I seem to remeber Eru being mad at Melkor about the discord in the song and stuff and I don't think he knew what would happen specifically. He may have had an idea but his creation were all made with the flame imperishable so they had their own freewill and I don't believe even Eru knew everything that would happen. If so must be a boring eternity.


----------



## HelplessModAddi (Mar 12, 2003)

Eru is only mad if Tolkein is. My personal cosmology is that the universe itself is God's "fantasy world," a giant fanfic, if you will, even though its not imitating anything.

Aren't evil people sometimes the best characters?

Also, if you are a philosopher, you should realize that good and evil define each other. Good is the lack of evil and evil is the lack of good. It's a casuality paradox. Without Melkor, there would be no reason for us to revere Manwe.


----------



## Gil-Galad (Mar 14, 2003)

> _Originally posted by HelplessModAddi _
> *
> Also, if you are a philosopher, you should realize that good and evil define each other. Good is the lack of evil and evil is the lack of good. *


Is that your thought or you are paraphrasing someone you and I have read.


----------



## HelplessModAddi (Mar 14, 2003)

> Is that your thought or you are paraphrasing someone you and I have read.


 Both. I've had that thought as long as I've known that -4 + 4 = 0. But I've read it alot, too.


----------



## elf boy (Mar 19, 2003)

I said he hates evil, it just seems to make sense to me... Maybe it was planned out but i think Iluvatar just doesn't like evil... anyway if it was planned it would of been in his... theme i guess ya could call it when Ea was created, not Melkor's.


----------



## Gil-Galad (Mar 19, 2003)

> _Originally posted by HelplessModAddi _
> *Both. I've had that thought as long as I've known that -4 + 4 = 0. But I've read it alot, too. *


I've read quite similar thought,that is why I asked you such question.


----------



## Eriol (Mar 25, 2003)

> Also, if you are a philosopher, you should realize that good and evil define each other. Good is the lack of evil and evil is the lack of good. It's a casuality paradox. Without Melkor, there would be no reason for us to revere Manwe.

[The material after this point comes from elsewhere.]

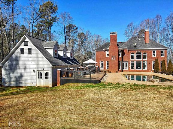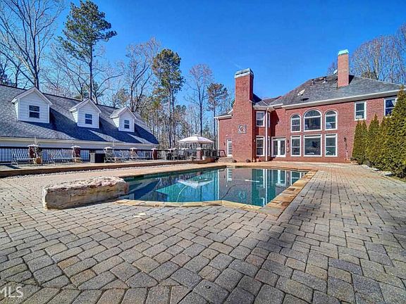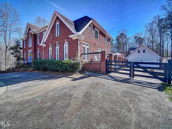 Highly sought after Ascot Community in WEST FORSYTH SCHOOLS!! Come visit this well appointed all-brick home estate situated perfectly on 5 fully fenced acres. Gated private driveway leads you to your new home. Stunning 2 story foyer and great room greets you at the door. Floor to ceiling windows with crystal clear views of the swimming pool. Chef's Gourmet kitchen with tons of cabinets, counter space, extended island with bar seating and a cozy masonry fireplace. Main level - guest bedroom, Library/Office and 2 full bathrooms. Second level - Over-sized Master Retreat over-looks the pool and garden offering large sitting room with private fireplace. Luxurious ensuite features 6ft free standing tub, tile shower w/frameless glass door, HEATED TOWEL RACK, double vanity and 2 walk-in closets. Ample sized bedrooms with adjoining bathrooms complete this very functional second level. Basement -Theatre/Media room, full bathroom, additional laundry and tons of storage space. Massive fully fenced back yard is super private offering excellent space for all of your active dogs. Cobblestone patio is the perfect setting to lay out and relax by the pool and hot tub. Detached garage with unlimited potential!! Multiple car storage, workshop, and above unfinished space could be used as private office or additional storage. This is a home you don't want to miss!!

Well, I am something of a philosopher (aren't we all?), and I don't agree. See, this reasoning does not take existence into account. If evil and good are equal in stature (ontologically), then why would anything BE? Or as another philosopher put it, the great question is "why there is something as opposed to nothing?" If you agree that good and evil are equal, you can't answer this.

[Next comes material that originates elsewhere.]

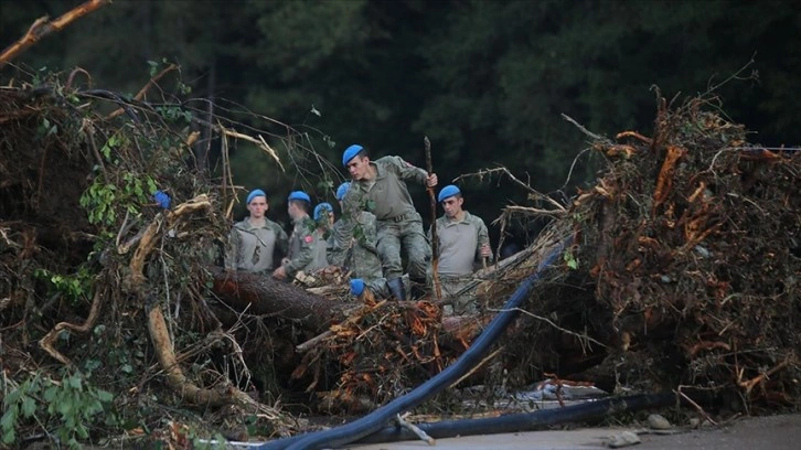 Arama kurtarma çalışmalarına çok sayıda komando birlikleri de katılıyor. Orman köylüsü selin sürüklediği tomruk ve kütüklerin kaldırılması çalışmalarına yardım ediyor. Arama kurtarma köpekleri de bölgede arama çalışmalarına katılıyor.

However, if you agree that good is the will of the Creator (that is, the will of the Creator _defines_ Good itself), then you see that Good has prior existence and is higher, ontologically, than evil. (sorry about the big words).

On the subject of the thread: Eru created everything, including the Ainur, out of love. This is why things and spirits exist: Eru loves them. All explanations about the Universe being a plaything for God's amusement assume that God needs amusement, and therefore is not self-sufficient, therefore, not perfect.

(I know I conflated Eru and the Christian God here... sorry about it, but like ithrynluin has said, I think they are the same and that Tolkien intended them to be the same. A debatable proposition for sure).

So. Eru loves Melkor at the beginning -- otherwise why would he create him? A pivotal point in this question is that God does not creates things that don't have value in themselves, in other words, he does not create evil things. Things become evil, but are not created evil. The same happens with Melkor, who was not created evil (several quotes attest to that -- but I can't give them now, I'm without the books, sorry).

On the other hand, Eru/God _is_ justice. Note, I am not saying that he loves justice, he IS justice. And therefore he cannot avoid being against an unjust deed, or an evil deed. It would be as if he denied that he is God. 

My answer to the question is this, then: Eru can never be "upset", as I understand the word, meaning annoyed at something that is going contrary to his will. But Melkor most assuredly is going contrary to his will. So justice demands that Melkor be punished. Eru is all-knowing, and knows that Melkor will be punished for his evil deeds. But this does not "upset" him, insamuch as it is a consequence of what he is: justice. 

(By the way, Eru still loves Melkor, meaning he still wishes that Melkor would repent and help with the remaking of Arda. But it won't happen... and Eru knows it.)


----------